Worship Fully        Spend Less        Give more        Love all

So this is the second week of our advent conspiracy, and this week we are invited (commanded!) to SPEND LESS!  We are invited and commanded to NOT pull out our credit card as often as we might at this time of the year.

Of course the big question for us is why? Why spend less? Presumably this invitation and command is offered as an answer to some problem. The creators of the Advent Conspiracy looked at their own lives and at the culture around us and decided we needed to hear this message: Spend Less.
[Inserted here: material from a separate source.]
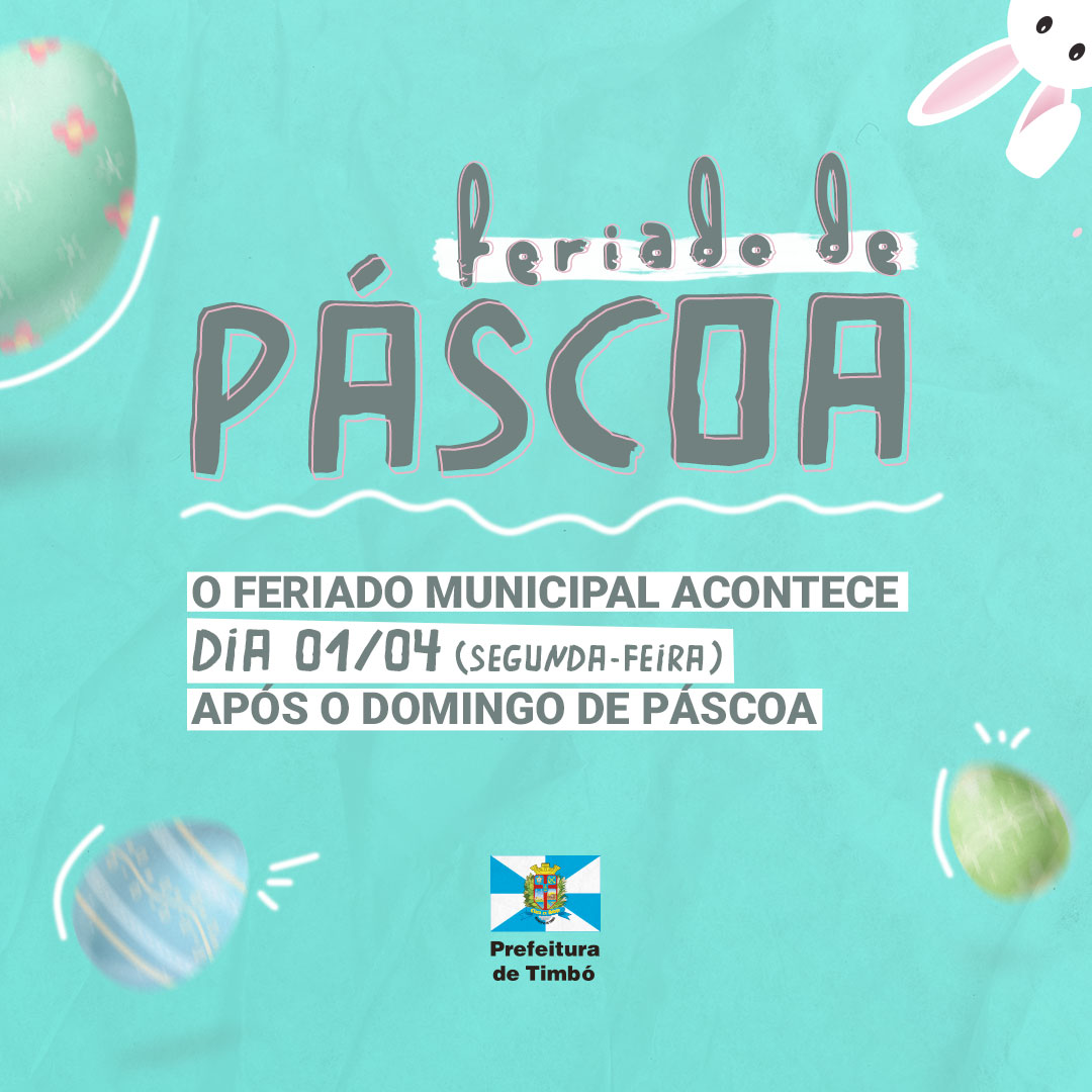 Nesta sexta-feira, 29 de março, celebra-se a Sexta-feira Santa, feriado nacional. E na segunda-feira, dia 01 de abril, é feriado municipal em Timbó. A Lei nº 754, de 1980, transfere para a segunda-feira após a Páscoa o feriado municipal do dia 12 de outubro, aniversário de fundação do município.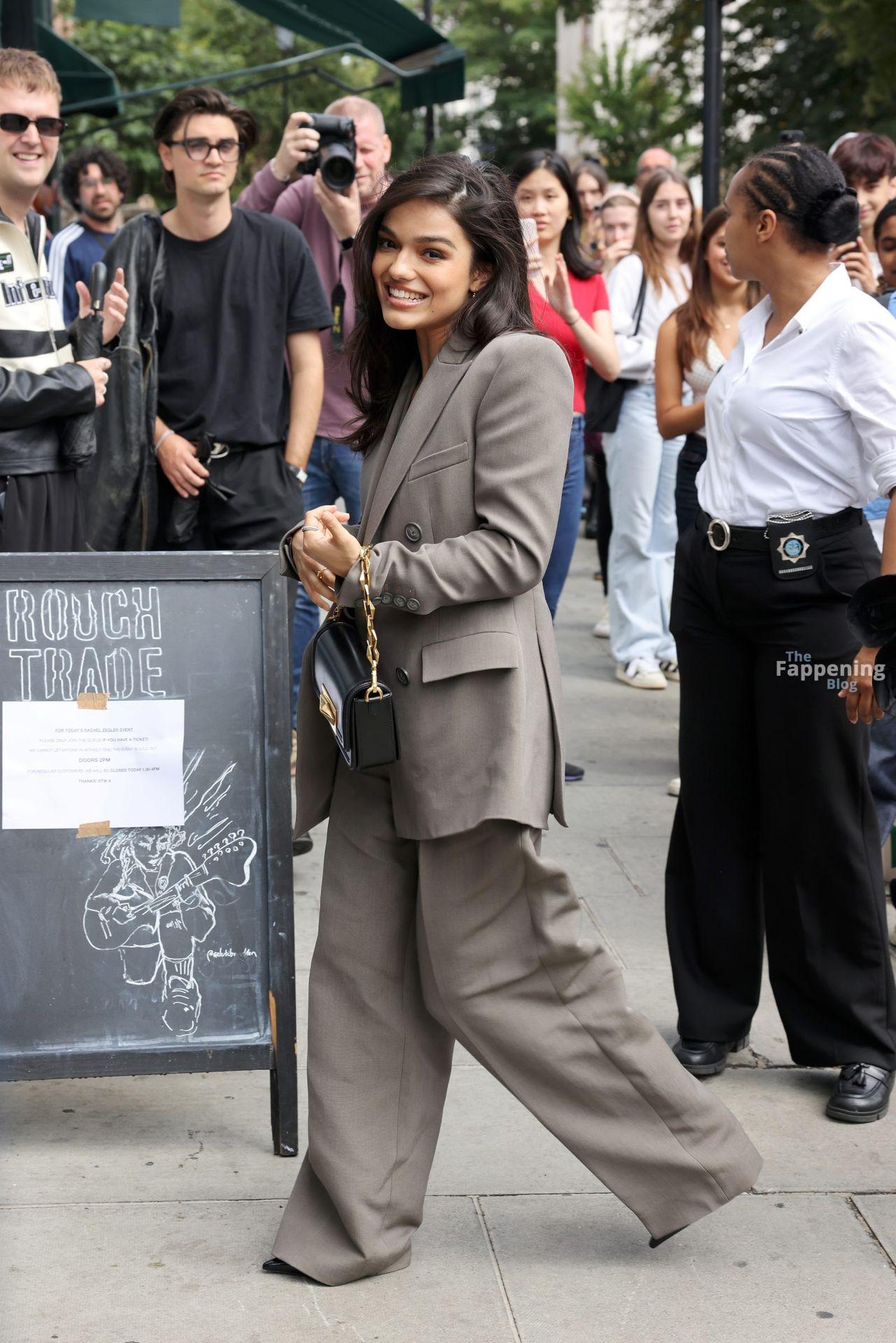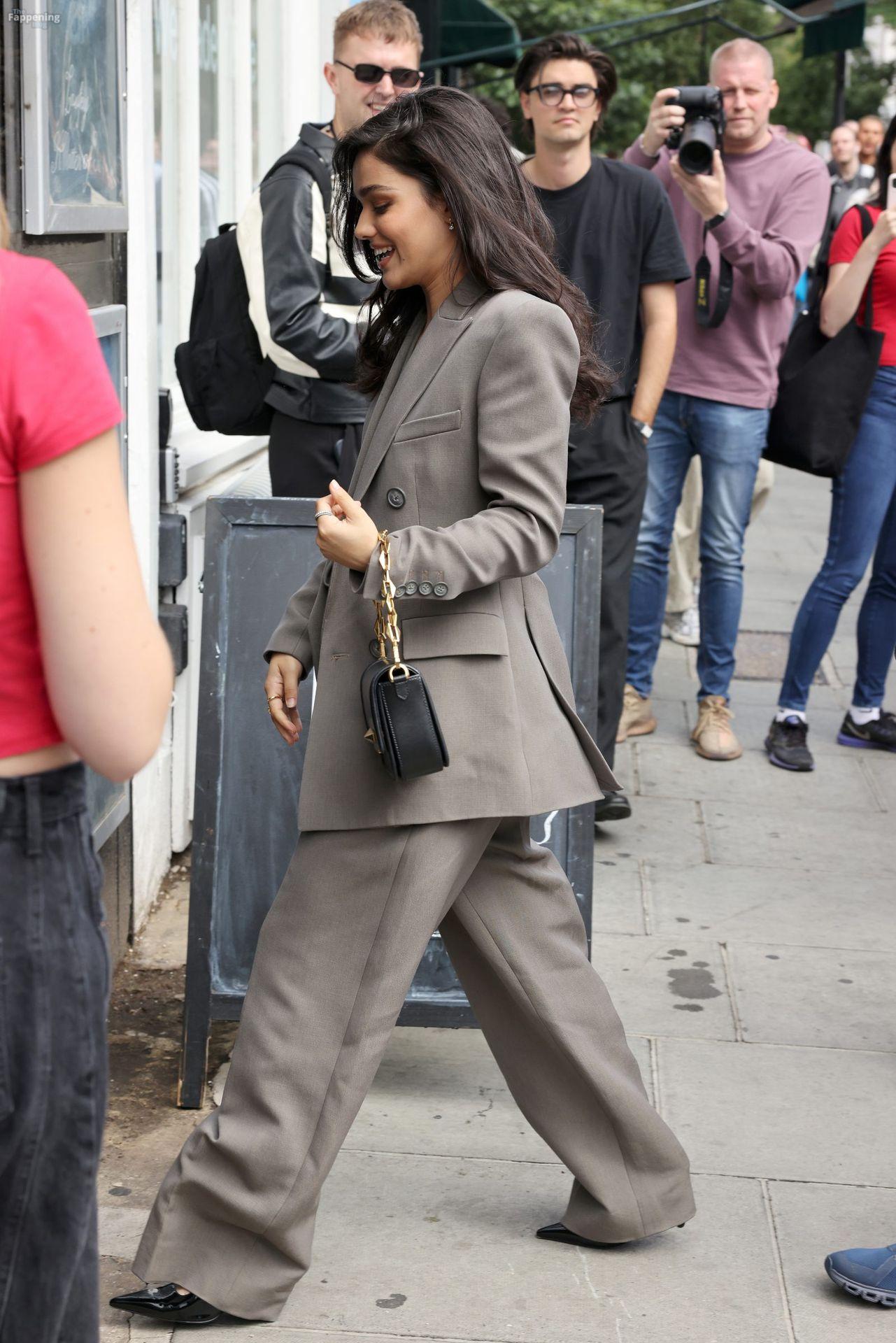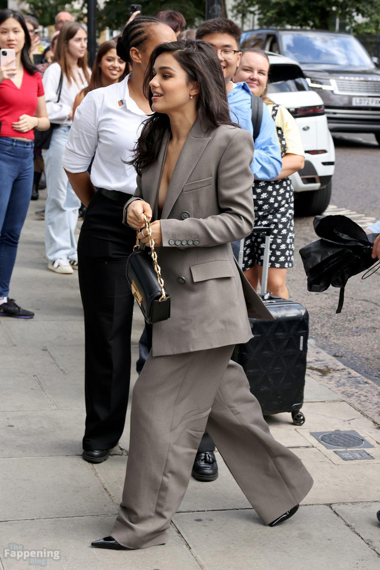 Rachel Zegler went braless in London, rockin’ a pantsuit that showed off cleavage and sideboob in a sexy look.

But what is the problem to which spending less is the answer? Our first thought might be that spending less is an answer to the problem of greed. We should spend less because we aren’t supposed to be greedy. This is the season of Scrooge, isn’t it, when we are reminded that greediness, and avarice, and acquisitiveness are contrary to the message of Christ. And after all, ours is an age that has produced the ubiquitous self-storage facilities – where people keep all of the stuff they don’t have room for in their houses.And ours is an age that has some of the largest homes in all of history. And ours is an age that sees such a contrast between the small number of things possessed by the many and the huge number of things possessed by the 1%. (And remember that we in the west are part of the 1% globally speaking…)

A couple of weeks ago I came across the following photographs by the Chinese photographer Huang Qingjun. He managed to convince a number of Chinese families to gather all their belongings outside of their homes for a photograph. Relative to what many of us have accumulated, their possessions are few.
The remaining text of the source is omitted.